People think the siesta is just about the greatest thing in the world. I happen to agree, though people are wildly mistaken on why Spaniards have siesta or what they really do.
In all small villages across windswept Castilla, along the expat enclaves of the Costa del Sol and on the sun-drenched streets of Triana, the hazy afternoon heat makes people run for their homes. Between 2pm and 5pm, time stops and villages become ghost towns.
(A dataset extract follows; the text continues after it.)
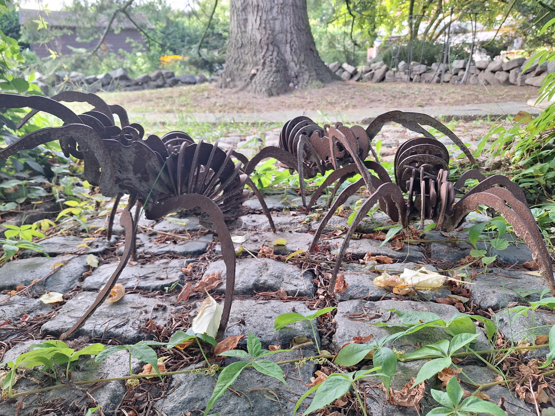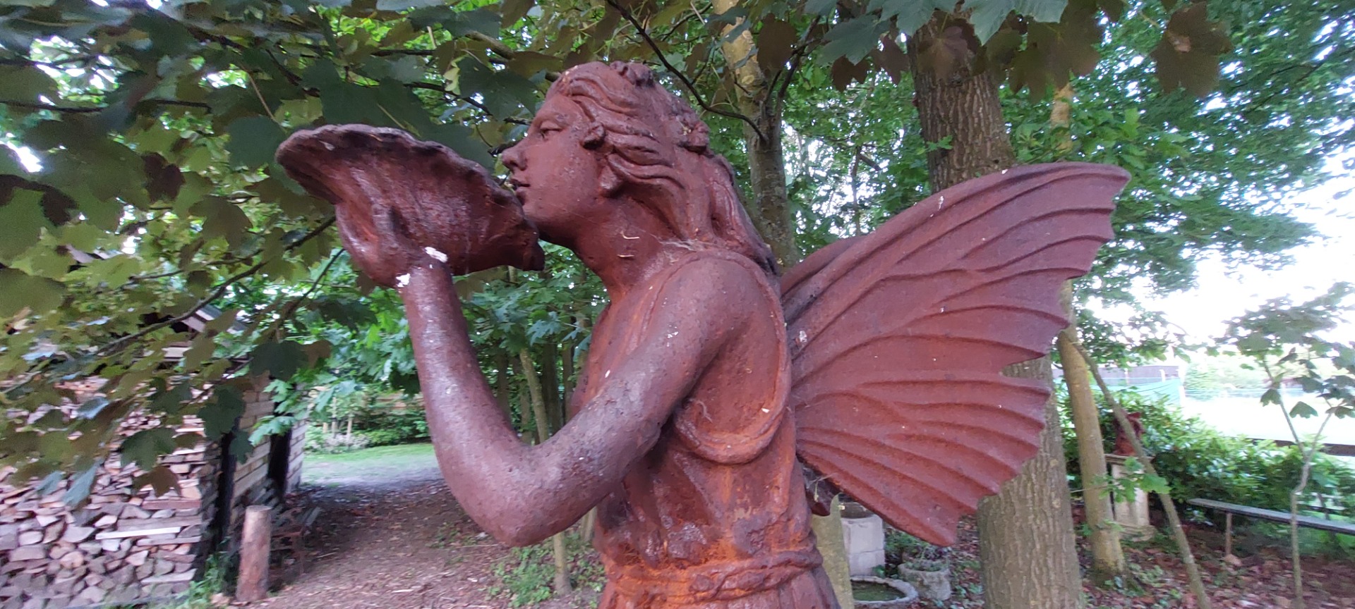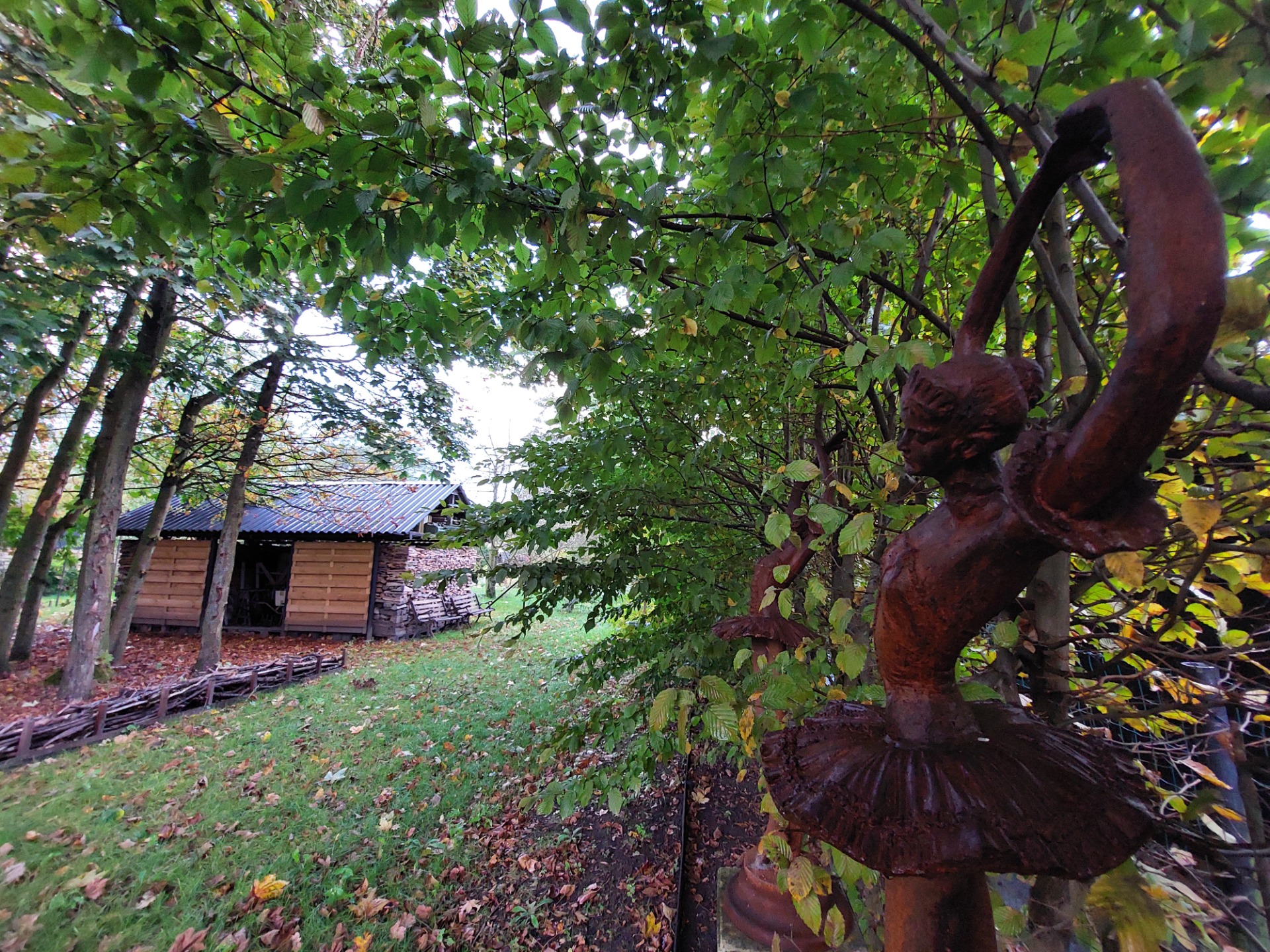 of aan betonnen waterschalen (Sculptured by Nature / Etienne Vanden Abeele). Zonnebaden kan in de geborgenheid van de boomgaard

I’m reading Roads to Santiago, a novel on the Camino de Santiago that has nothing to do with the actual pilgrimage, by a celebrated Dutch travel writer, Cees Nooteboom. As he travels throughout Spain by car, he often arrives to the paradores, government run luxury hotels in small towns, during this dead time, often greeted by empty plazas, cloudless skies and seemingly abandoned towns. While the regurgitation of four millenia of Iberian history and careful (yet excruciating) detail of every single medieval church in Castilla is a little drab, I love his only mention of the siesta in the book:
“The dreams of the siesta are not the same as those of night, there’s a different, false night embedded in the siesta, the deception of awakening not to a fresh start but to a repeat performance. The day has already been soiled by life and food, by the words of the news and of the world, sunset is nearer than sunrise, and everything has to happens second time, there is a certain lassitude, a hint of death, shadows in the late afternoon, the slow approach of darkness. I recognize the room but not the sounds” (p 279).
I actually remember my siesta dreams better than those nighttime ones because I often feel that, though I’m asleep with my eyes shut and cuddling Rafa la Girafa (the stuffed giraffe I got at a chino for a few euros), my brain isn’t fully asleep and is taking in what goes on around me. I don’t wake up feeling refreshed, but often more drained and with a feeling of dread. This may come from the anticipation of giving private classes, or of the day really dying and knowing it’s one less or what. But as much as I love to lay down to a siesta, I hate waking up from one!
And the siesta isn’t just for sleeping – some of the best TV shows and all the news programs are on at this time, as families often eat in front of the TV. With my host family, we ate lunch every Sunday in the family room, watching the weekly news review. Or families simply spend time together. I myself use siesta to catch up on lessons and American TV shows (MTV puts new shows on at 3pm Spain time everyday!)
With that, I am returning to Spain this afternoon and planning on echaring a siestita on the way to the airport. Unless Don Gaa buys me Baja Fresh.